Damn it, this always happens. I think I'm gonna score, and then I never score. It's not fair.



Wedge Regret
For Brunell, I also seem to recall he was well regarded as a mentor-type backup during the latter part of his playing career, for what that’s worth.

Kalli
Jun 2, 2001



Yeah, Patriots coaching staff from last year had a pair of former players:

Players

RB/KR - Troy Brown - Retired in '08, bummed around doing local media and stuff, did the coaching program in 2016, then got hired by the Pats in 2019.

ILB - Jerod Mayo - Retired in '15. Hired by Pats in 2019.

Nepotism:

WR - Mick Lombardi. Kid of Mike Lombardi, yep.

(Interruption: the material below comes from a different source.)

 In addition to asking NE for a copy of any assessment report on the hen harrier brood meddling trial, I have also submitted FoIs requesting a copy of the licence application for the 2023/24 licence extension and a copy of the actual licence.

OLB - Steve Belichick. Yep
Safeties - Brian Belichick. Oh you know it

Lol:

OL - Cole Popovich. A very, very distant relative of Gregg, was hired before he knew that.
CB - Mike Pellegrino - Would you be surprised to find out he's a former professional lacrosse player?

FizFashizzle
Mar 30, 2005







fartknocker posted:

For Brunell, I also seem to recall he was well regarded as a mentor-type backup during the latter part of his playing career, for what that’s worth.

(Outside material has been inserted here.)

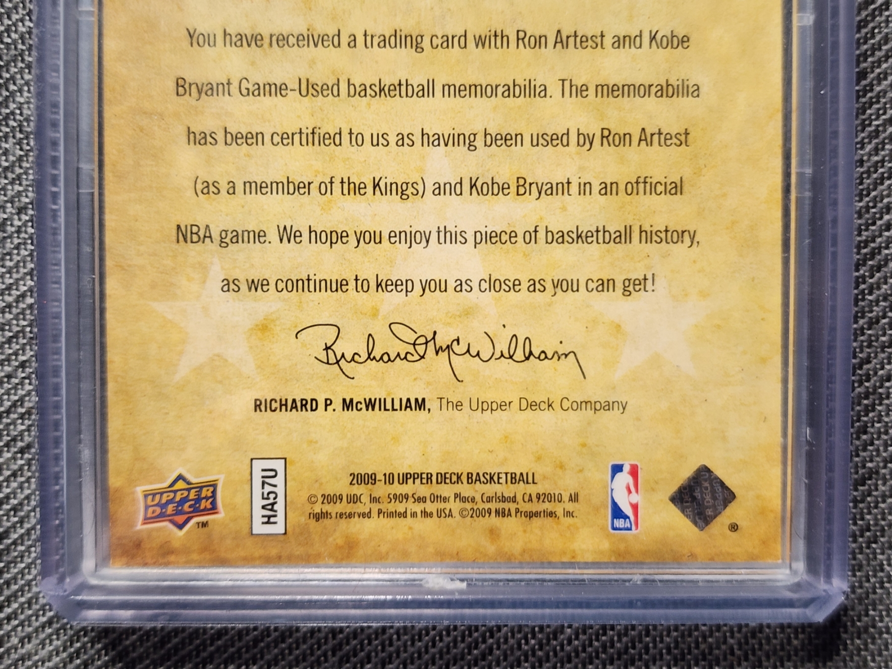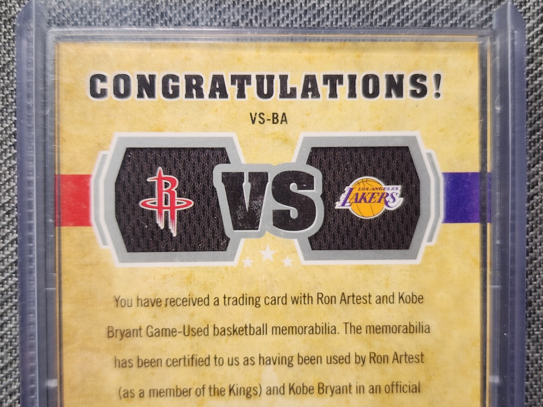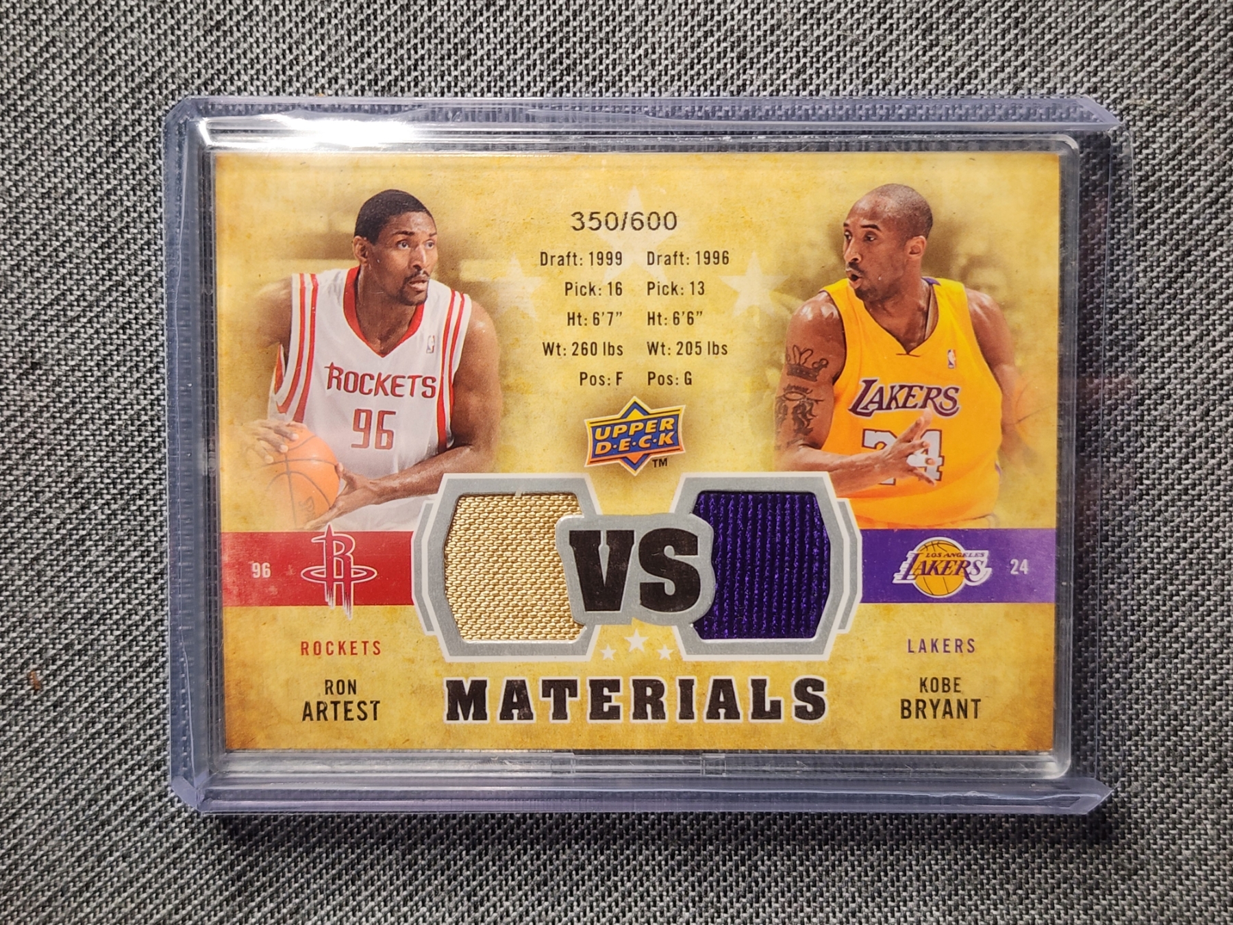 2009-10 Upper Deck Basketball Trading Card VS-BA - Ron Artest & Kobe Bryant Dual Patch Trading Card - Numbered 350/600

He also played on a torn ACL because god told him to.

Get ready Texans fans.

gloom
Feb 1, 2003
distracted from distraction by distraction
Racism is a huge problem at the NFL head coach level and all through the coaching pipeline, and a reckoning is long overdue. That said, it bothers me a little that Bienemy is one of the key names in that reckoning now. On the surface his past is certainly problematic and it's reasonable to feel that his current success under Andy Reid doesn't outweigh that history. If you want to make the argument that lovely white guys like Matt Patricia get head coaching opportunities despite their past transgressions, the focus should be on that double standard. It doesn't necessarily mean that Bienemy deserves a shot now, it means that Matt Patricia never did. The solution to that isn't to give Eric Bienemy a head coaching gig, it's to promote other people of color who don't have that baggage, while making character concerns disqualifying for white guys too.

At the same time, systemic racism puts Bienemy's legal troubles in a different light. It's pretty hard to say he's really more problematic than other potential candidates, and he's clearly an excellent offensive coordinator. I'm sure teams have taken a chance on less promising white people who have done worse than a few speeding tickets, shoving a firefighter, or harassing a woman in a parking garage. That's stuff that often won't even enter the legal system when a white person does it. It's hard to untangle past and present racism and his coaching potential. But I think guys like Pep Hamilton, Todd Bowles, Byron Leftwich, hell even Jim Caldwell and Marvin Lewis have been done more unambiguous wrong. They just don't get as much press because they haven't had the same level of coaching success.

nah
Mar 16, 2009

I think the racism is far less a factor nowadays versus the cronyism and nepotism, but that all stems from the omnipresent good ole boy mentality of old. There are so many retreads from long dead coaching trees and sons and nephews and poo poo filling up the coaching ranks.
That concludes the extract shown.